> _What the task requires_:
From the material below, retype exactly the lines that begin at the line with "根据ChinaVenture" and end after the line with "- Bán hàng: Quy"; pictures stay out of the copy.
--- Data under study Enclosed Below ---
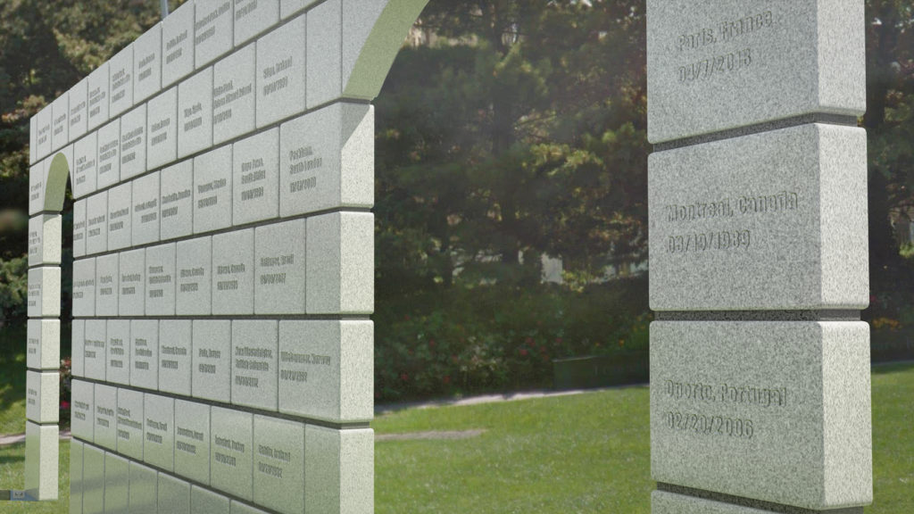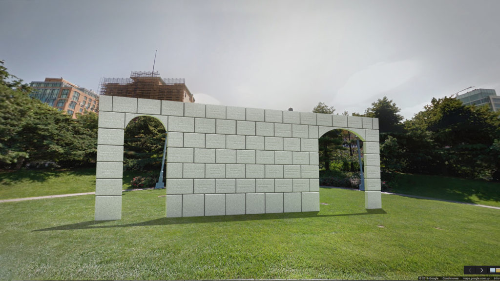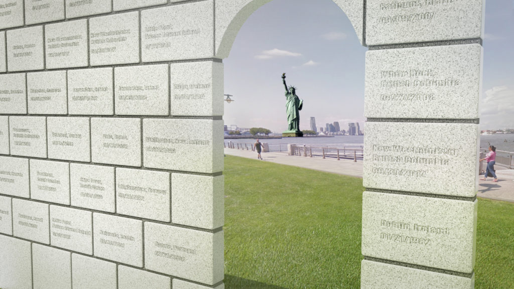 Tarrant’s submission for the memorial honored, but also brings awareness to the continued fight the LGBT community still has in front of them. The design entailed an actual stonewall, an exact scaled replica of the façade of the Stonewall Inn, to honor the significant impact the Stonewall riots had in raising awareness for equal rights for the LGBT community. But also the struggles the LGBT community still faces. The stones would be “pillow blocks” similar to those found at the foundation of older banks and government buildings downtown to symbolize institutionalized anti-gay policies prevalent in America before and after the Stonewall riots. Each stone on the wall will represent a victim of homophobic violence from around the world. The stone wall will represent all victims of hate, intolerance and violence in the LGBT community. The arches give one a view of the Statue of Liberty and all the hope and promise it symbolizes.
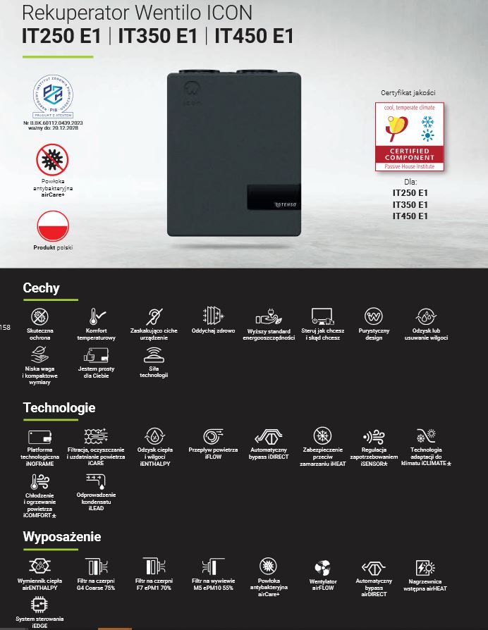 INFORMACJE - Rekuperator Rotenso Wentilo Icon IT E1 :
--- End of Enclosed Data under study ---
--- Data under study Enclosed Below ---
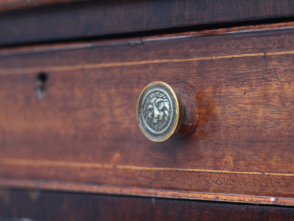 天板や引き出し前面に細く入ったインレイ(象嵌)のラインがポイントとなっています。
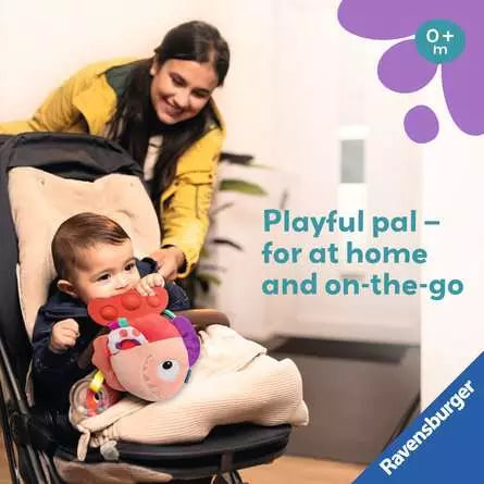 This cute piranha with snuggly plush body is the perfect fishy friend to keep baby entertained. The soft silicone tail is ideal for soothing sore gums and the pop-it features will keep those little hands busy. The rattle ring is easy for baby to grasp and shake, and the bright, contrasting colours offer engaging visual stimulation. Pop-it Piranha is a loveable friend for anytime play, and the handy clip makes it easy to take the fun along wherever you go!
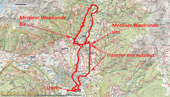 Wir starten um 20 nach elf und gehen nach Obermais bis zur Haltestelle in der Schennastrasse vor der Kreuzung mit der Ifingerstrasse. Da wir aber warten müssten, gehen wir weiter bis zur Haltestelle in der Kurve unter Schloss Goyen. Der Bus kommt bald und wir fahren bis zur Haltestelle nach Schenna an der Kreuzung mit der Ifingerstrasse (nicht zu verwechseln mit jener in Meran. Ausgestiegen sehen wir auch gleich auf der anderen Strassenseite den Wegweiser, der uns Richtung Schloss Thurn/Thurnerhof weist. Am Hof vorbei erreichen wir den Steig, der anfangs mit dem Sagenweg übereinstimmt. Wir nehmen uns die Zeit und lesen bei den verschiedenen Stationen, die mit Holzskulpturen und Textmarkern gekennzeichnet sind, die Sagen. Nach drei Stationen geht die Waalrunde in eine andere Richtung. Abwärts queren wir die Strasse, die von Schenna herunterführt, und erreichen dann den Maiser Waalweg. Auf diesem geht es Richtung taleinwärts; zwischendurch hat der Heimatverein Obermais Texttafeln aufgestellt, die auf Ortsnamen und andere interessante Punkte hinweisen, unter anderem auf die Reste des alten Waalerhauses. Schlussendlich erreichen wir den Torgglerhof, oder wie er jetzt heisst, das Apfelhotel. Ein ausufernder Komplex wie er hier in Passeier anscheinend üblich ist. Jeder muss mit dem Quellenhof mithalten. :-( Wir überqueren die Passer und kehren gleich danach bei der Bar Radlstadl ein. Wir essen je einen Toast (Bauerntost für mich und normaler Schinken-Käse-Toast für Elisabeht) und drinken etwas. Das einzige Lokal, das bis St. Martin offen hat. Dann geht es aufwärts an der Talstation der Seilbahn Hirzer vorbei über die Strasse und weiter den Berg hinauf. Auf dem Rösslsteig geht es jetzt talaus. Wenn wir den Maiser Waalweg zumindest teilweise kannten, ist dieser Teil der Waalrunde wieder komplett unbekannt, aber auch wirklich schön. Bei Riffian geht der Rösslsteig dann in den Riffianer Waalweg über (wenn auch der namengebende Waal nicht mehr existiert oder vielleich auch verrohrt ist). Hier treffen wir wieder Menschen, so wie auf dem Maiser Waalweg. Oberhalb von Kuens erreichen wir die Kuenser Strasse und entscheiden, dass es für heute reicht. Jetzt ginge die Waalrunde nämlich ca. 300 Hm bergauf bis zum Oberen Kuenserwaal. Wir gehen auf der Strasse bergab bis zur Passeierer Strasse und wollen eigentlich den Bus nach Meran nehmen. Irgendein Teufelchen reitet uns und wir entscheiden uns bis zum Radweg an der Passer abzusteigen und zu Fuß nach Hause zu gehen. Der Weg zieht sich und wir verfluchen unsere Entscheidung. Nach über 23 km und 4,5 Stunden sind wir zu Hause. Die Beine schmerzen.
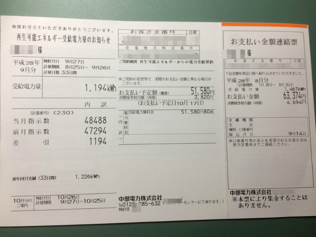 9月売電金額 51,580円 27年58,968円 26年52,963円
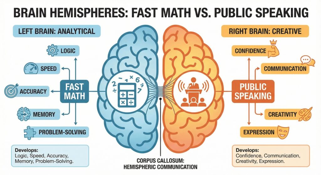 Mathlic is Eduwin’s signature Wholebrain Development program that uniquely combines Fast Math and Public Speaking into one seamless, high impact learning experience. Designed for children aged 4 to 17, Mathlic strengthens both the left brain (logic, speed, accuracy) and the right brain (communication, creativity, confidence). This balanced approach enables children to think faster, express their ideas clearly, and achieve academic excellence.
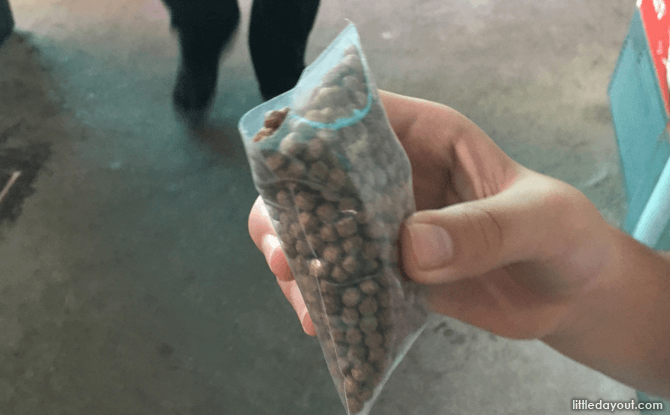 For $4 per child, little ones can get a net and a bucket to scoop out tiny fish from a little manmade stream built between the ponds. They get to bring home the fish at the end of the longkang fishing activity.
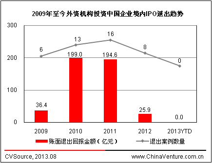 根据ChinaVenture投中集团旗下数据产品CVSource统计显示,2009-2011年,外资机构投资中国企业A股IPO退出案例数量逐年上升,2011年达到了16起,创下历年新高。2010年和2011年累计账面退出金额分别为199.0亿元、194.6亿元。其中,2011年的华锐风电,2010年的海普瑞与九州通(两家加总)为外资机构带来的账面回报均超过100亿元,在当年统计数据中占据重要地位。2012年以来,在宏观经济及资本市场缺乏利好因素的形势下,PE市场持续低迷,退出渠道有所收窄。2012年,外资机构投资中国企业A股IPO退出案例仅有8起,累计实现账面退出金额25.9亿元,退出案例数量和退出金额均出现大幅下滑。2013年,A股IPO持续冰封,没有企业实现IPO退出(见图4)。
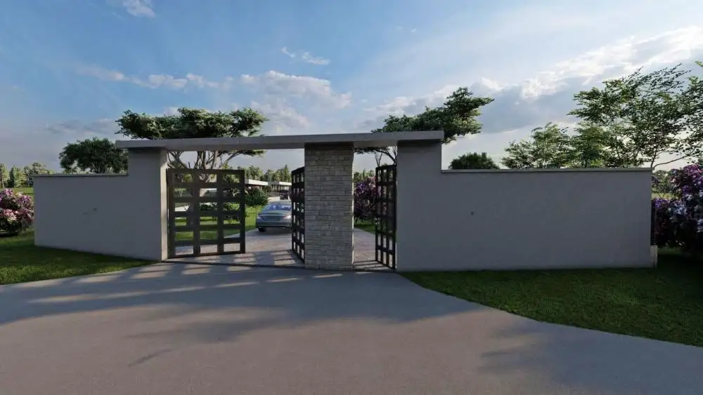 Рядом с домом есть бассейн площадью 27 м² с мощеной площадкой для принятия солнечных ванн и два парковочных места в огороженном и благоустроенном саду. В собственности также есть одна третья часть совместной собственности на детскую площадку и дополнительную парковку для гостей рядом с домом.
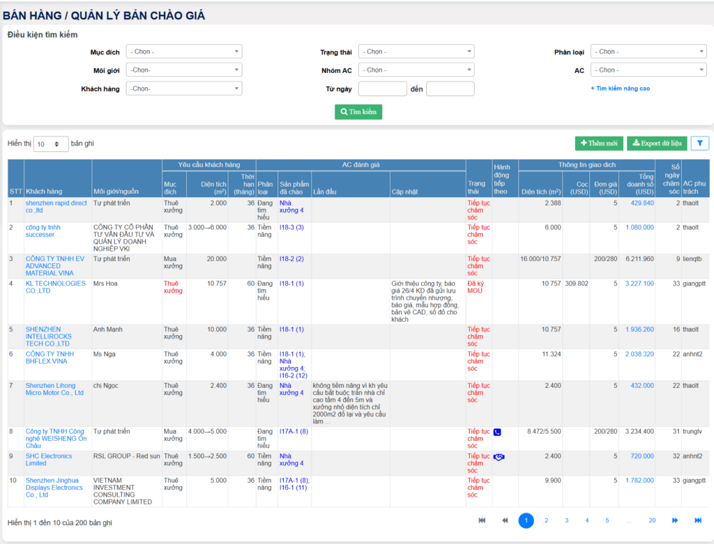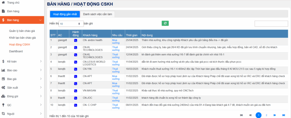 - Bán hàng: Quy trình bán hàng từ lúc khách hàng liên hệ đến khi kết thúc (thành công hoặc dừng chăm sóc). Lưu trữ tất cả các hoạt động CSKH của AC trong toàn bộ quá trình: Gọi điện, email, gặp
--- End of Enclosed Data under study ---
> _Task output_:
 根据ChinaVenture投中集团旗下数据产品CVSource统计显示,2009-2011年,外资机构投资中国企业A股IPO退出案例数量逐年上升,2011年达到了16起,创下历年新高。2010年和2011年累计账面退出金额分别为199.0亿元、194.6亿元。其中,2011年的华锐风电,2010年的海普瑞与九州通(两家加总)为外资机构带来的账面回报均超过100亿元,在当年统计数据中占据重要地位。2012年以来,在宏观经济及资本市场缺乏利好因素的形势下,PE市场持续低迷,退出渠道有所收窄。2012年,外资机构投资中国企业A股IPO退出案例仅有8起,累计实现账面退出金额25.9亿元,退出案例数量和退出金额均出现大幅下滑。2013年,A股IPO持续冰封,没有企业实现IPO退出(见图4)。
 Рядом с домом есть бассейн площадью 27 м² с мощеной площадкой для принятия солнечных ванн и два парковочных места в огороженном и благоустроенном саду. В собственности также есть одна третья часть совместной собственности на детскую площадку и дополнительную парковку для гостей рядом с домом.
 - Bán hàng: Quy trình bán hàng từ lúc khách hàng liên hệ đến khi kết thúc (thành công hoặc dừng chăm sóc). Lưu trữ tất cả các hoạt động CSKH của AC trong toàn bộ quá trình: Gọi điện, email, gặp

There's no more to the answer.